What to work on:
Output exactly the lines of the listing below that run from the line with "2月3日,D59次列车停靠聊城站期间,一名乘客在吃泡面。新华社记者 宋为伟 摄" through the line with "and Sit-N-Go tables". No pictures.

Records to use:
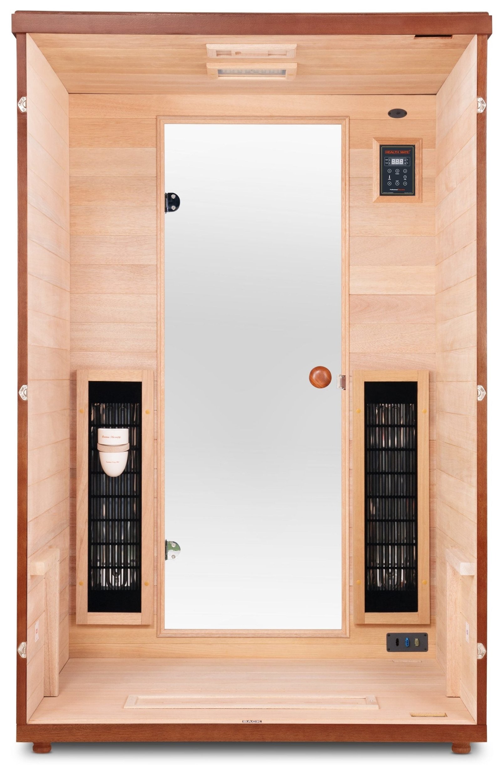 The Renew 2 Infrared Sauna seats two comfortably and offers the same durability and quality construction as our other models, but at a more affordable price. This inviting, two-person infrared sauna features our patented Tecoloy™ heaters, including floor heaters for added comfort, 48-diode chromotherapy lighting, inside/outside control panels, glass door, Bluetooth audio speakers, and much more. You’ll enjoy all the Health Mate infrared sauna desirable benefits and renewed health that a home sauna provides without breaking your budget. Requires no tools for easy assembly.
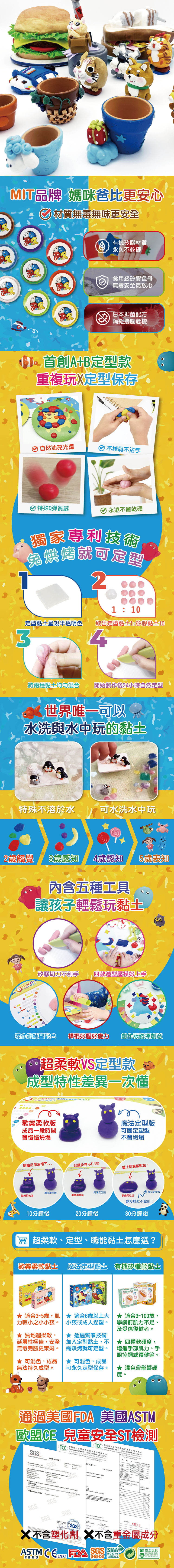 - Q-doh有機矽膠黏土共6色/各35g,附贈黑色矽膠黏土5g,透明定型矽膠黏土20g
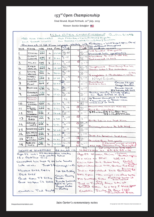 A high-quality print of Iain Carter's original commentary notes from the final round of the 2025 Open Championship at Royal Portrush on July 20, 20...
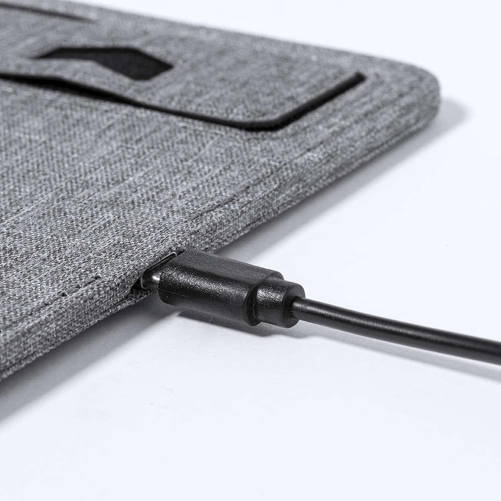Elegant and functional mouse pad made of soft RPET polyester. With Type C input - black Type C cable included - and 15W wireless charger, compatible with devices equipped with Qi wireless charging technology. Includes smartphone stand and pen holder. With non-slip base that guarantees stability and comfort of use. Includes instruction manual in Spanish and English. Presented in an individual kraft design box and in a recycled bag.
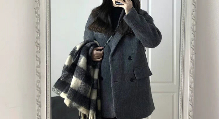 灰色呢子大衣
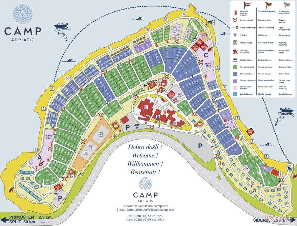 Camp Adriatic se nachází v krásném prostředí u křišťálově čistého moře v Primoštenu, obklopený borovicemi a středomořskou vegetací, a nabízí dokonalé spojení přírody, komfortu a autentické dalmatské atmosféry. Kemp poskytuje širokou škálu ubytování, včetně prostorných parcel, stanových zón a moderních mobilních domů, jako jsou Cliff, Deluxe a Premium, vhodných pro rodiny, páry i skupiny.
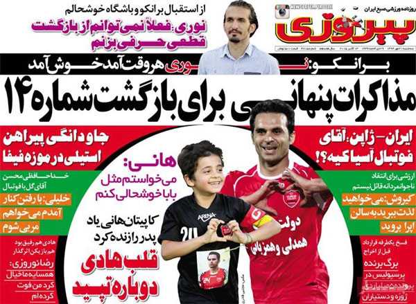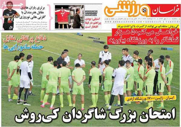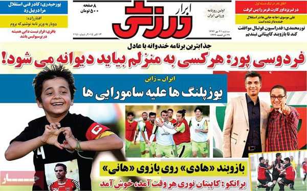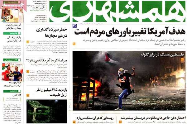صفحه اول روزنامه های امروز سه شنبه ۲۱ مهر ۱۳۹۴ / روزنامه های امروز سه شنبه با عناوین : هدف آمریکا ، واکنش هاشمی به برجام ، حضور عادل فردوسی پور در خندوانه ، رئیس جمهور روحانی در جمع مردم مازندران ، هانی به جای هادی بازی در پرسپولیس و … منتشر شد.
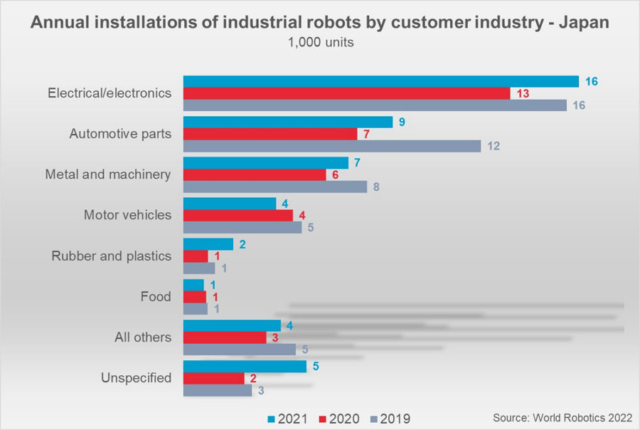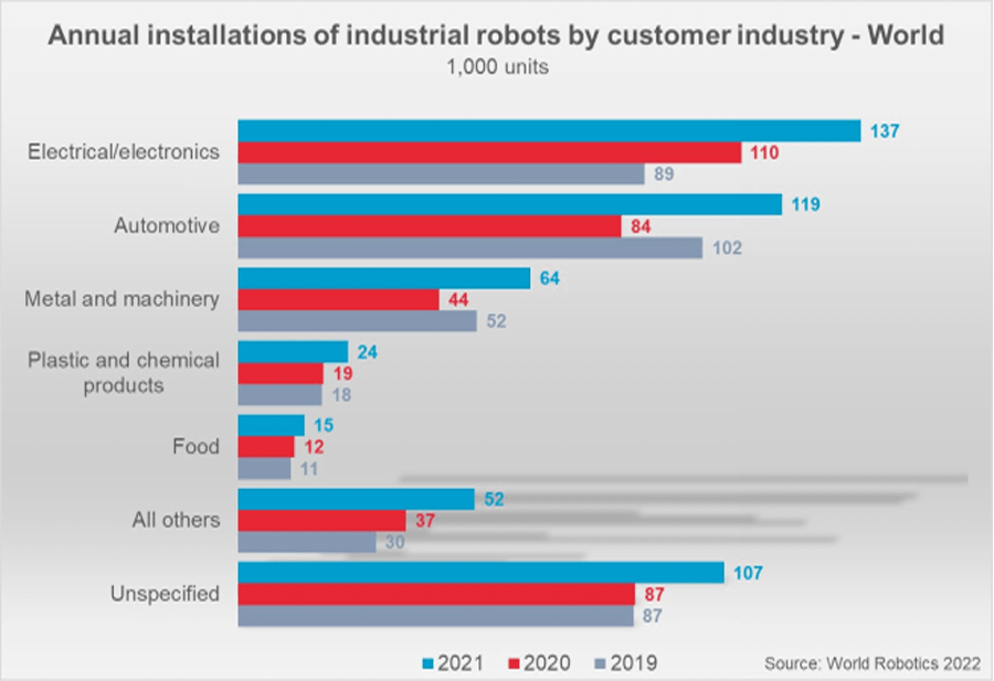 盡管過去兩年因新冠疫情影響,全球制造業(yè)供應鏈受到較大沖擊,但2021 年主要用戶領(lǐng)域?qū)C器人的需求仍顯示出強勁增長態(tài)勢。圖3 為近三年全球主要工業(yè)機器人應用領(lǐng)域的裝機量,在中國市場的拉動下,電氣/ 電子行業(yè)對機器人的需求量最高,之后依次為汽車、金屬和機械制造1、塑料和化學制品、食品等。
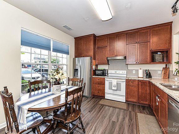 Amazing location, rich amenities, AND great schools! Your new end unit, updated townhome awaits. Recently renovated kitchen with 42" cabinets, granite countertops. Open flow of downstairs from eat-in kitchen to oversized living room. Neutral paint, newer carpet, cozy gas fireplace. Newer double sliding doors leads to nature-lovers' backyard. Wait for the deer to meander across your corner lot! Set up your work-at-home station under the built in bookshelves. Upstairs 3 bedrooms with walk-in closets, convenient laundry. Large primary suite overlooks wooded backyard. Enjoy all the amenities that Beverly Crest has to offer! 20 minutes to Uptown, 12 minutes to South Park, 4 minutes to Arboretum. Welcome home!!
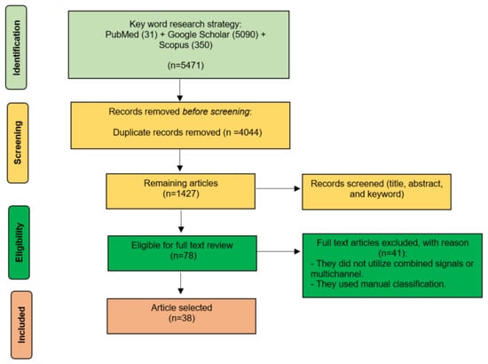 This systematic review focuses on machine learning investigations involving multiple channels of physiological signals, including EEG, ECG, EMG, EOG, and respiratory data for sleep stage classifications. The physiological signals were employed, as either a multichannel or a combination of multiple signals, to develop a model for the classification of sleep stages. We selected research studies that encompassed multiple physiological signals from reviews [30,32,33]. Furthermore, we conducted a thorough literature search to identify additional publications aligned with our criteria. Our emphasis on signal combinations sets this review apart and offers a valuable resource for researchers exploring this specialised domain.
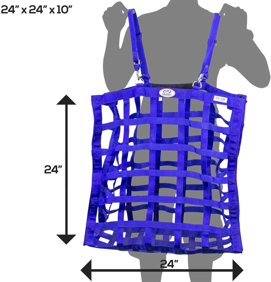 • HOLDS 2-3 FLAKES OF HAY - this 24x10x24" hay bag with 3.5x3โ€ rectangular openings holds approx. 2-3 flakes of Timothy, Orchard, Alfalfa, or any other type of hay. Our hay bags were designed to minimize frustration and can be stuffed in seconds.
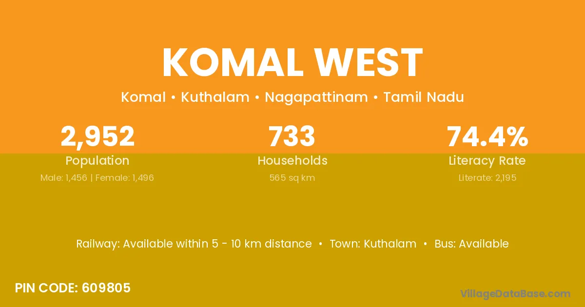 Kuthalam is the nearest town to Komal West village for major economic activities
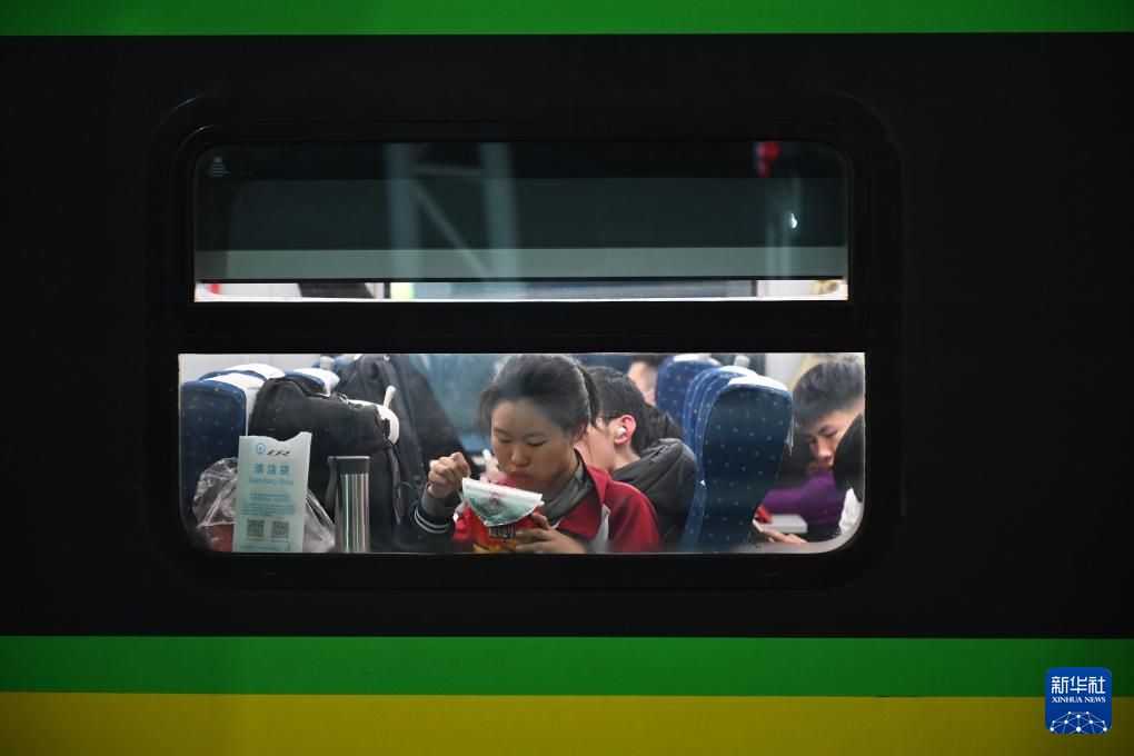 2月3日,D59次列车停靠聊城站期间,一名乘客在吃泡面。新华社记者 宋为伟 摄
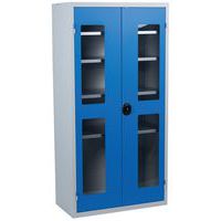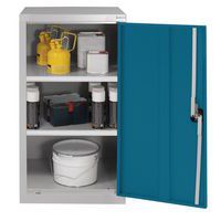 - Voorzien van 4 legborden per 25 mm verstelbaar door middel van stalen klampen en 2 draaideuren met verzonken handgreepslot (2 sleutels meegeleverd).
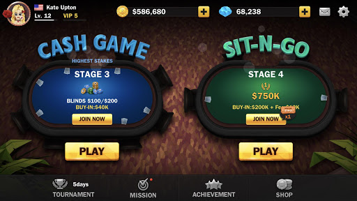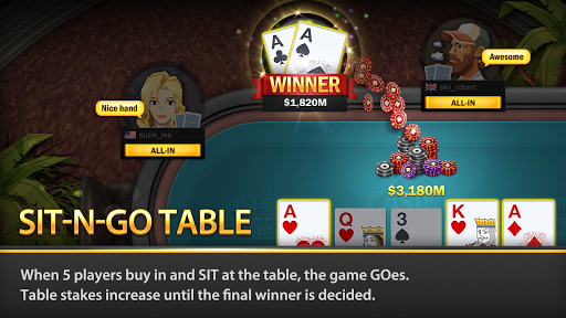 • Texas Hold'em Poker: Cash Game and Sit-N-Go tables
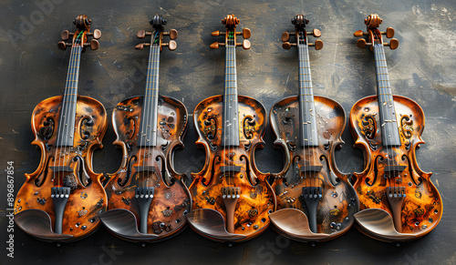 © Lucky, Naklejka premium Set of old brown Violin arranged in rows on white background, diagonal. Bioengineered musical instruments living violins and realesrgan. Musical instrument in group of classical stringed instruments.
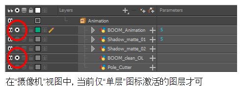 单层模式支持在“摄像机”视图中仅查看特定图层,而隐藏所有其他图层。在一个图层上启用单层模式后,只有该图层可见。如果在多个图层上启用了单层模式,则只有这些图层可见。如果未在任何图层上启用单层模式,则所有启用的图层都可见。
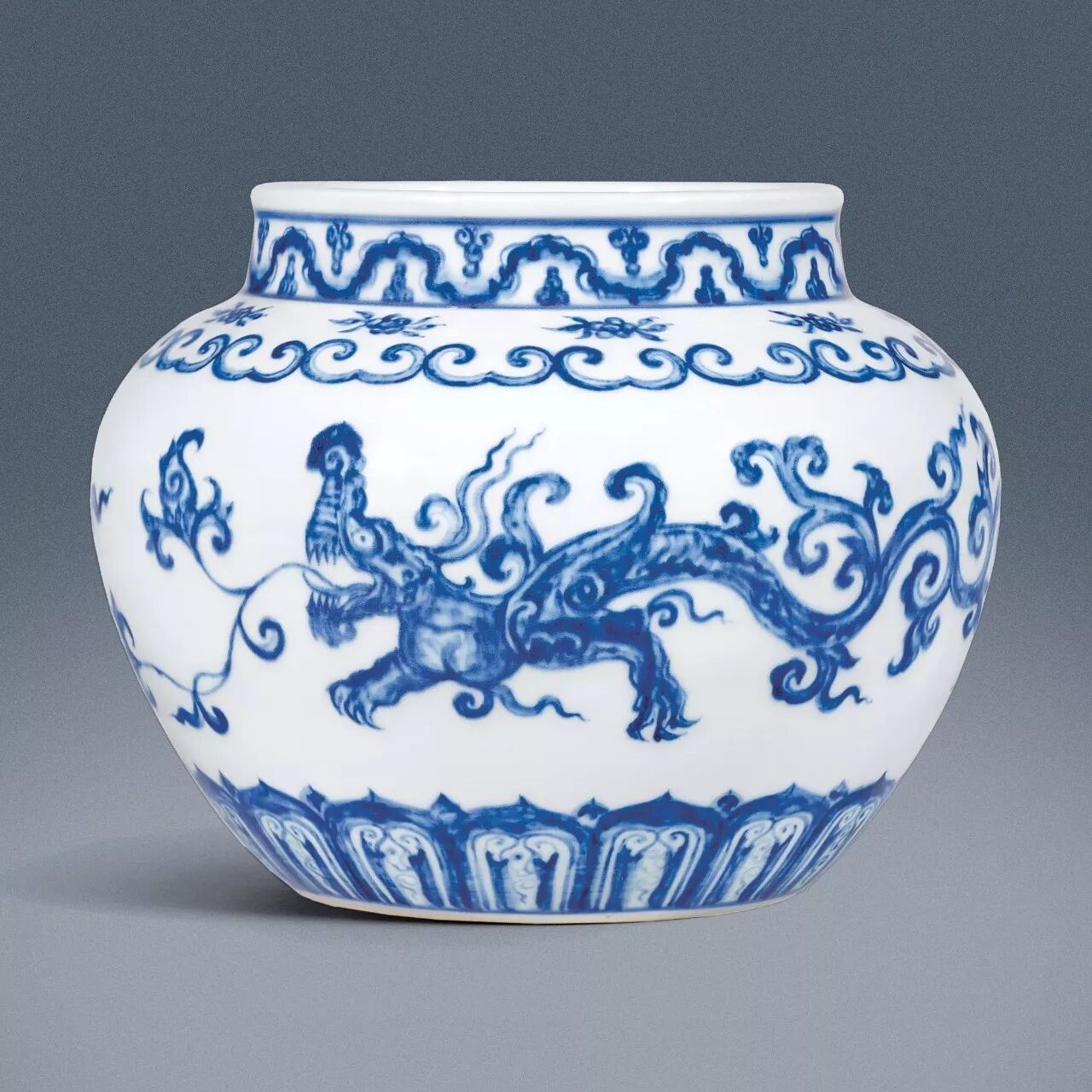 明宣德青花夔龙罐
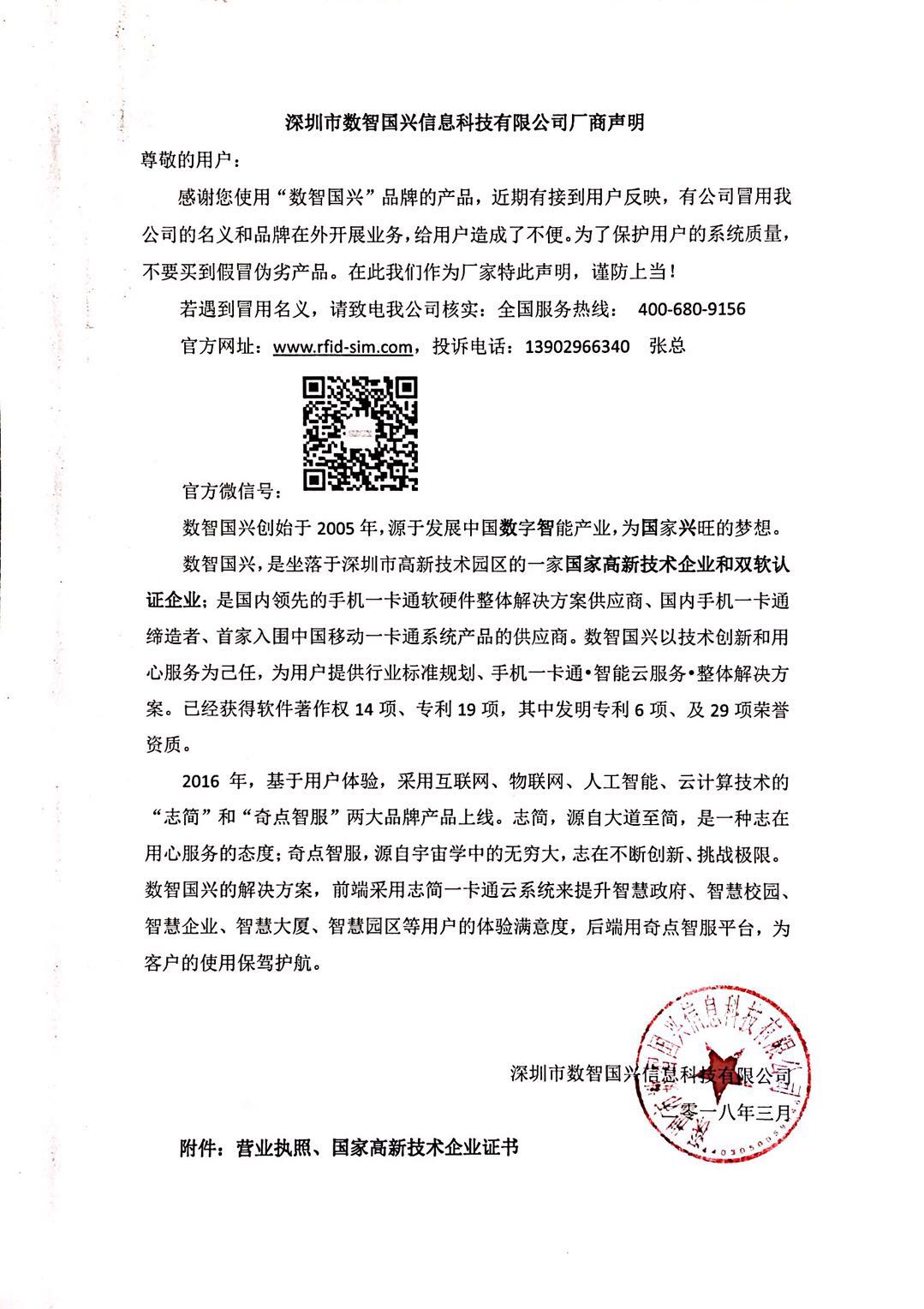 感谢您使用“数智国兴”品牌的产品,近期有接到用户反映,有公司冒用我司的名义和品牌在外开展业务,给用户造成了不便。为了保护用户的系统质量,不要买到假冒伪劣产品。在此我们作为厂家特此声明,谨防上当!
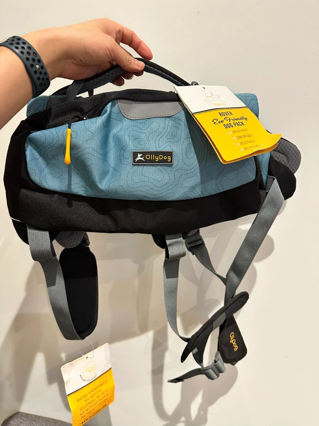 Brand new with tags! Purchased at REI in the States but never ended up using. Medium size. Adjustable straps. Two large pockets. Durable, eco-friendly materials. Great for hiking with your dog. Would make a nice gift. See fourth pic for sizing. Welcome to bring your dog to try on the pack to make sure it fits.

Written solution:
 2月3日,D59次列车停靠聊城站期间,一名乘客在吃泡面。新华社记者 宋为伟 摄
 - Voorzien van 4 legborden per 25 mm verstelbaar door middel van stalen klampen en 2 draaideuren met verzonken handgreepslot (2 sleutels meegeleverd).
 • Texas Hold'em Poker: Cash Game and Sit-N-Go tables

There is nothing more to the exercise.